Documents You Can Expect to Sign at Closing
The Personal Representative’s Deed transfers title to the real estate to the buyer. It is signed only by the seller, in her capacity as personal representative of the selling estate. This document is subsequently recorded with the clerk and recorder of the county where the real estate is located. A small fee is charged for recording the deed.
The Seller’s Settlement Statement shows all of the debits and credits involved in the transaction. A seller’s settlement statement will include the purchase price as a credit and the various costs associated with the transaction. These include the cost to obtain a title insurance policy and tax certificate, recording fees, closing fees, prorations for taxes and utilities to the date of closing, and the commission you will be paying your real estate broker. The final number will be the amount the estate walks away from the transaction with (the seller’s “net proceeds”). You will be asked to sign the settlement statement to confirm that you have read the document and understand its contents.
Foreign Investment in Real Estate Tax Act of 1980 (“FIRPTA”) Certification: The Internal Revenue Code provides that a transferee of a U.S. real property interest must withhold tax if the transferor of the property is a foreign person or entity. In this document, the personal representative certifies that the estate is not a foreign person or corporation for which tax needs to be withheld.
Closing Instructions: If they have not already been signed as part of the transaction, Closing Instructions will be signed by the personal representative. This document provides instructions to the title company regarding providing a title commitment, preparing closing documents, disbursing funds, holding earnest money deposits, and other matters related to closing. It also states how much the title company charges for these services. The cost is usually about $400, which often is split between the seller and the buyer.

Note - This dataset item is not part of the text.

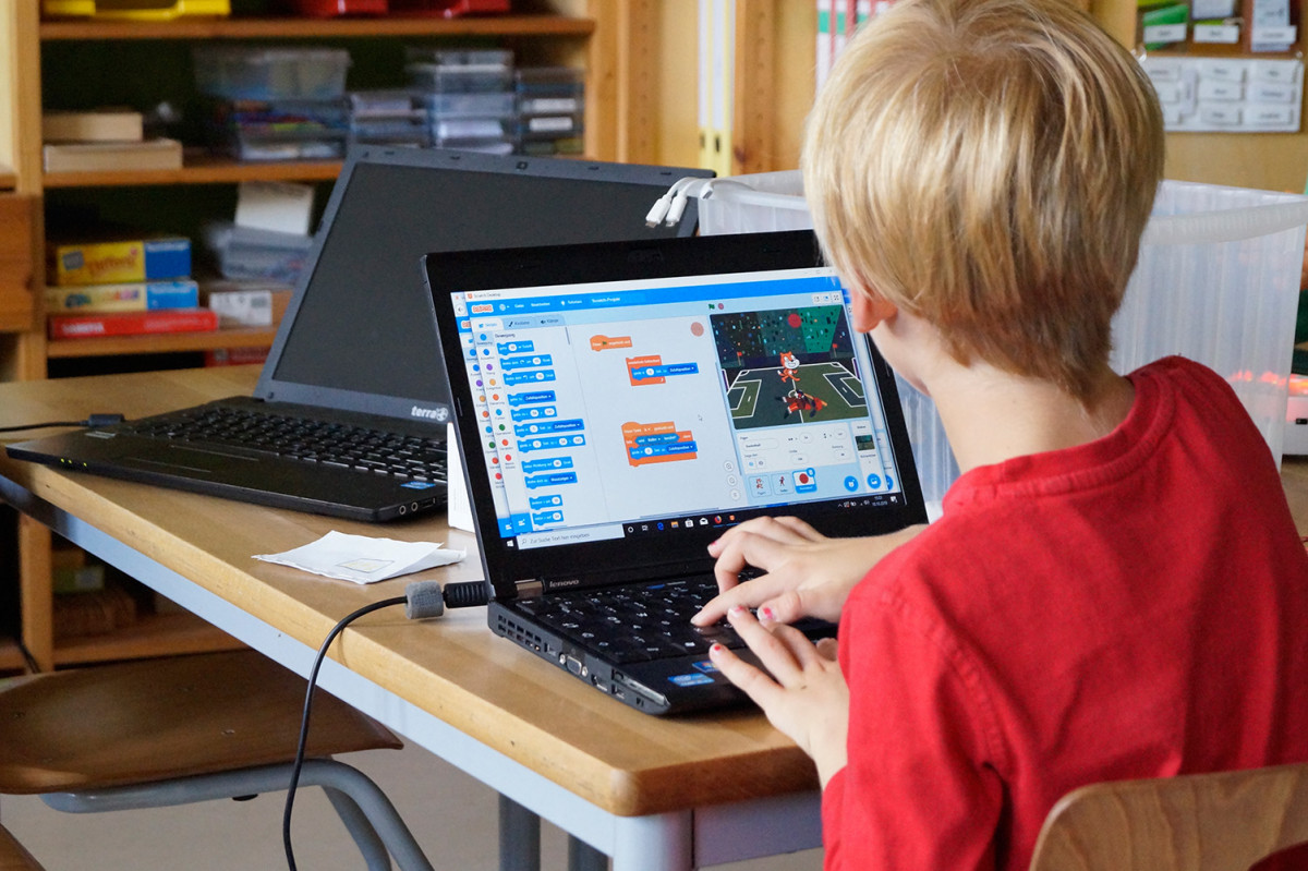 Am 10. Oktober konnten dann Erst- bis Viertklässler*innen in die Grundlagen der Computerspielprogrammierung reinschnuppern. Dafür stand ihnen Scratch und Scratch Junior, eine grafische Programmiersprache, zur Verfügung mit denen die Schüler*innen zum Beispiel auf einem Raster Blöcke zu Stapeln zusammen schieben oder Hintergründe und Grafiken zusammenfügen konnten, um sich so einfache Spielewelten zu kreieren. Einige Kinder übten bei „Minecraft“ 3D-Welten zu bauen und auch die kleinen Thymio-Roboter kamen wieder zum Einsatz. 23 Schüler*innen nutzten das Angebot, das einmal vormittags und einmal nachmittags zur Verfügung stand, begeistert – für die meisten der erste Kontakt mit der Welt der Programmierung. Alleine und in kleinen Gruppen wurde getüftelt und ausprobiert, sich gegenseitig stolz Ergebnisse präsentiert und über die Schulter geschaut – fast wie die Großen bei einem Hackathon*.

The Agreement for Taxes provides a statement of how the property taxes for the current year will be prorated between the buyer and the seller. Any property taxes that have accrued in the calendar year (or earlier) will be the responsibility of the selling estate.
The Utility Agreement states that the utilities for the property will be transferred to the buyer once the purchase of the property is closed. It also will set aside a certain amount of money to pay any utility bills owed by the seller that accrued before closing. The title company escrows a certain amount of money (usually about $300) to make sure the final utility bill can be paid on behalf of the seller. Any amounts remaining will be sent to the estate after the final bill has been paid.
In the disclosure, the title company discloses how any funds left in its possession will be dealt with. The title company will usually demand that any checks received must be cashed or deposited within 180 days of the check’s issuance date. The title company will deliver any unclaimed funds left in its possession for more than a certain period of time to the Colorado unclaimed property fund.
Wire Instructions: If you are directing the title company to wire the proceeds of the sale to the estate’s bank account, you will need to fill out and sign a wire instructions form wherein you list the account name, account number, and routing number for the estate bank account. Be sure to bring this information with you to closing, along with your driver’s license or other form of identification.
Bill of Sale: If there are any items of personal property transferred as a part of the transaction, a Bill of Sale will need to be signed to convey ownership of those items to the buyer. These items typically include ranges, microwave ovens, refrigerators, washers and dryers, and other similar items.
The Owner’s Final Affidavit and Agreement requires the seller to declare, under oath, to the title company that there has been no work performed on the house within the past 120 days for which a mechanic’s lien might be filed against the property. It also requires the seller to state that there are no unknown leases in place for tenants on the property, there are no HOA covenant violations, and there are not any undisclosed liens encumbering the property as of the date of the sale. It also requires the seller to advise the title company that the seller has not taken out any undisclosed loans against the property. This document needs to be signed in front of a notary public.
The TD-1000 advises the county assessor in the county where the property is located that a sale has taken place and describes the terms of the sale. The Assessor uses this information to help set property taxes in the county. It can be signed by either the buyer or the seller.